Les plantations d’eucalyptus du sud-ouest de la
France sont des plantations de petites
dimensions (dizaine d’ha) et majoritairement
installées en terrain agricole, sur des friches.
Les peuplements sont conduits en Taillis à Courte
Rotation (TCR), avec des rotations comprises
entre 10 et 15 ans. Les rémanents d’exploitation
sont laissés sur place et l’écorçage est
maintenant couramment pratiqué, ce qui permet
de limiter de manière significative les exportations
minérales. Cette sylviculture intensive n’en reste
pas moins une culture très extensive.
Dans ce contexte, les plantations d’eucalyptus
ont actuellement un impact très modéré sur le
milieu, et sans doute insignifiant par rapport à
celui des cultures agricoles intensives.
Au niveau du sol, l’azote pourrait devenir à terme
un facteur limitant de la croissance. Un apport
serait alors requis pour maintenir les niveaux de
production au maximum des potentialités. Au
niveau de l’eau, les impacts à craindre sont
seulement des effets de bordure avec des
cultures adjacentes. En contexte de déficit,
l’eucalyptus régule sa croissance et son système
racinaire superficiel n’est pas à même d’avoir un
impact sur les nappes phréatiques. Au niveau
de la biodiversité, l’installation d’une plantation
sur une friche agricole permet de limiter les pertes
inévitables de biodiversité liées au passage d’un
milieu naturel vers un système de culture. Un
diagnostic préalable permettrait en tout cas de
détecter des zones à valeur patrimoniale
particulière sur laquelle une plantation ne serait
pas indiquée ou pour laquelle une adaptation de
l’itinéraire technique serait nécessaire.
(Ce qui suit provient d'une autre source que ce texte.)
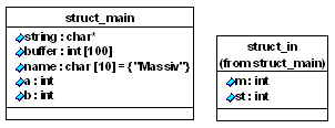 Рис.5 Как видим все ясно и понятно. Скромно, но очень информативно. К сожалению, если дело касается структур, то никакие связи в модели не генерятся! Теперь перейдем к более тяжелым материям в виде классов С++. Хотя язык С и остается достаточно мощным структурным языком, все же его "изобразительных" средств в плане построения крупных информационных систем явно недостаточно. Мы не будем углубляться в полемику о том почему на больших проектах С++ смотрится выигрышней, также не будем мы затрагивать самой концепции ООП - все это тема отдельной статьи (может и не одной) или книги... хотя вряд ли стоит ее писать... подобных трудов да от именитых авторов бессчетное множество. Нас интересует достаточно приземленная проблема: как классы из чистого текста можно преобразовать в наглядную модель с обеспечением всех графических связей... Как и ранее, попробуем проделать реверсинжениринг используя простой класс. За основу программы перепишем (подстроим) структуру под класс. Получим в итоге нечто похожее на следующий листинг:
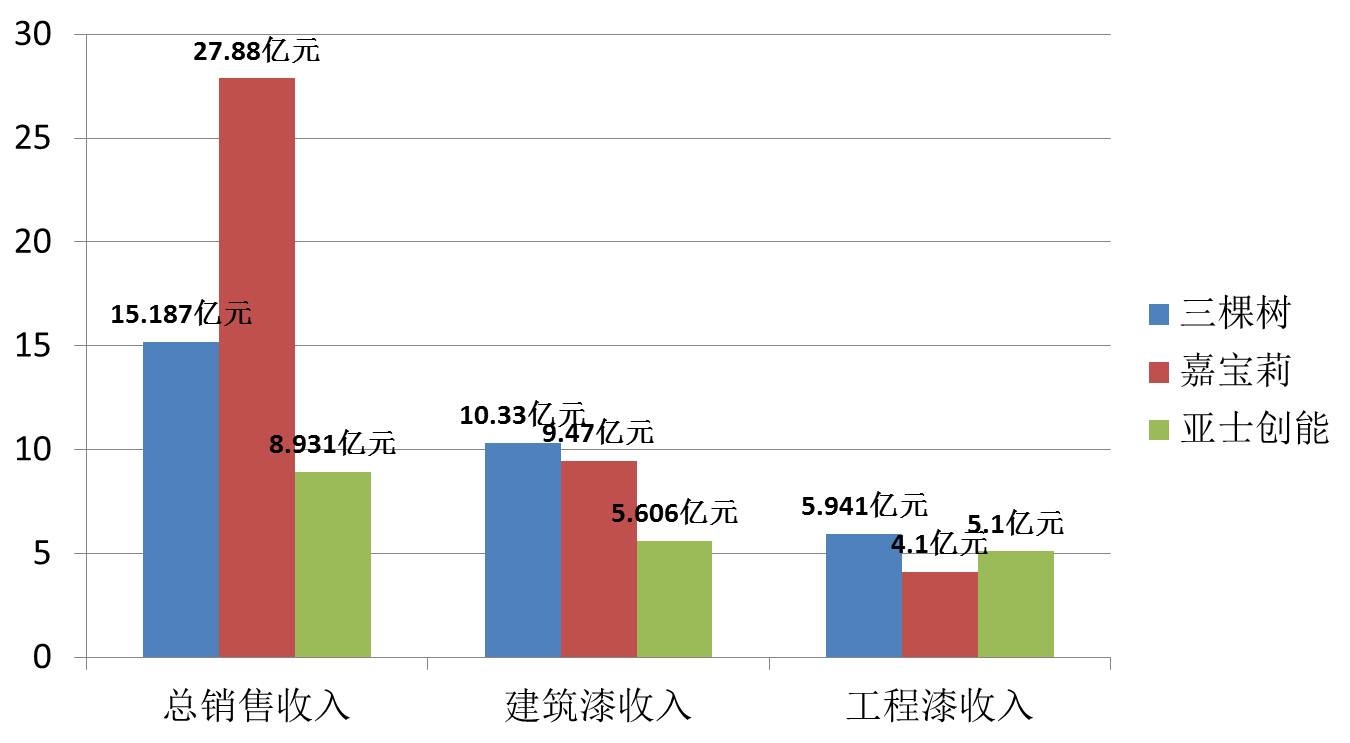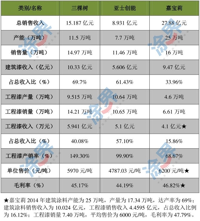 亚士创能、三棵树、嘉宝莉工程建筑涂料业务比较
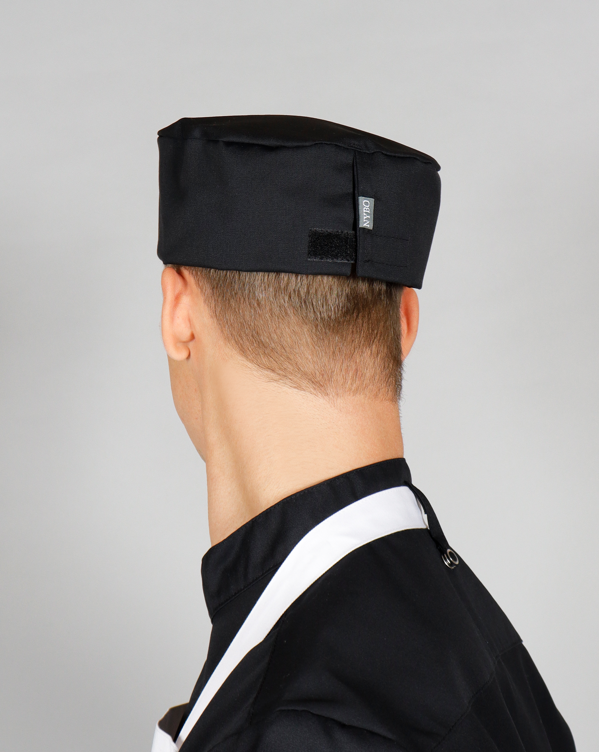 This elegant chef hat combines style and function for a professional kitchen look. The velcro closure at the back ensures a snug, adjustable fit. A clever slit at the rear allows room for a ponytail – ideal for keeping long hair secure and comfortable. One-size fits all.
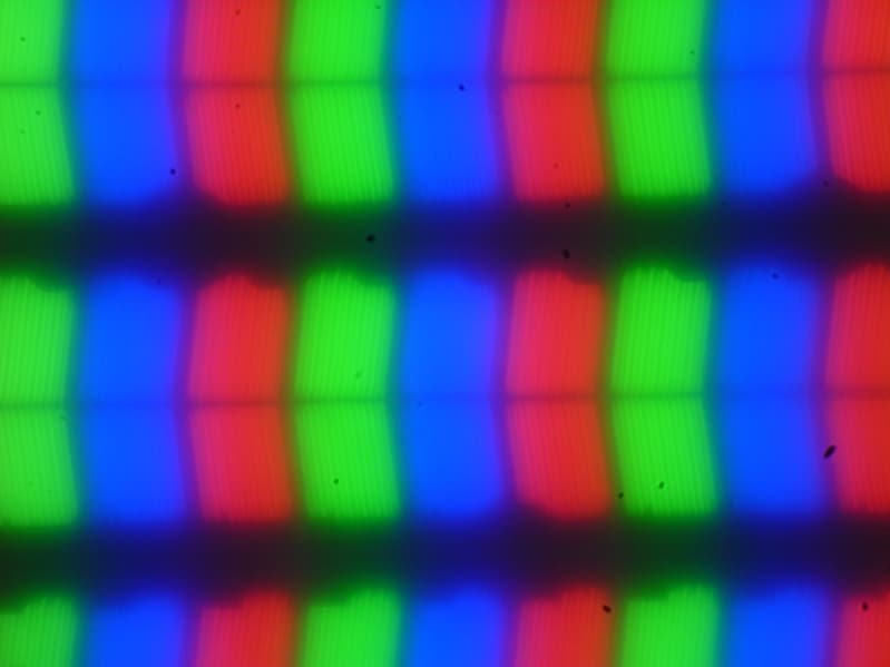 В этом ноутбуке используется матрица типа IPS. Микрофотографии демонстрируют типичную для IPS структуру субпикселей (черные точки — это пыль на матрице фотоаппарата):
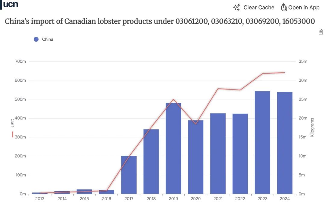 财政部网站显示,美国龙虾进口关税为37%(特别协定);加拿大龙虾关税为7%(最惠国税率)。如果加拿大龙虾被加征25%关税,总税率将达到32%,仍比美国龙虾低5%。
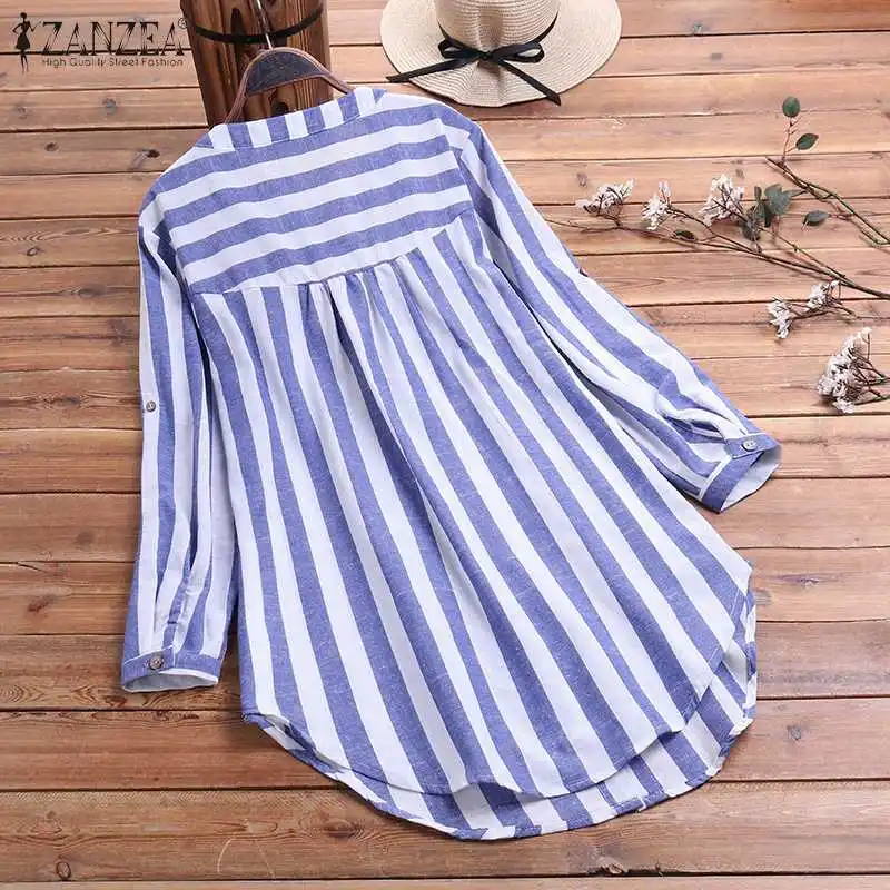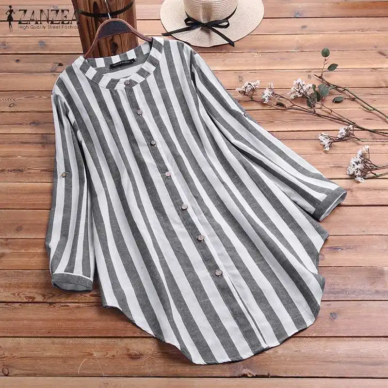 Блузка женская в полоску, на пуговицах, с длинным рукавом, размера оверсайз, весна 2021
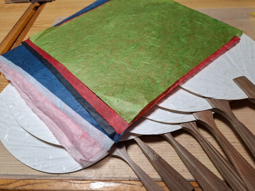 さて、うちわはここまで来ました。現在20枚の和紙張り終了。2枚余裕を持ってあと7枚。それが済んだら柄つけです。今週もできる時間を大切にして、前進ですね✊

Parallèlement, l’installation d’un boisement a
aussi des effets positifs sur le milieu, que ce soit
sur la structure des sols, l’apport de matière
organique ou la qualité de l’eau, surtout en
contexte agricole.
Réaliser une plantation ou une culture, et plus
généralement, changer l’occupation du sol
provoque inévitablement des changements sur
le milieu environnant. Ils peuvent s’exprimer au
travers du milieu physique ou biologique mais
aussi au travers de la perception qu’en ont les
différents acteurs du territoire.
Quelle est la valeur réelle d’un changement ?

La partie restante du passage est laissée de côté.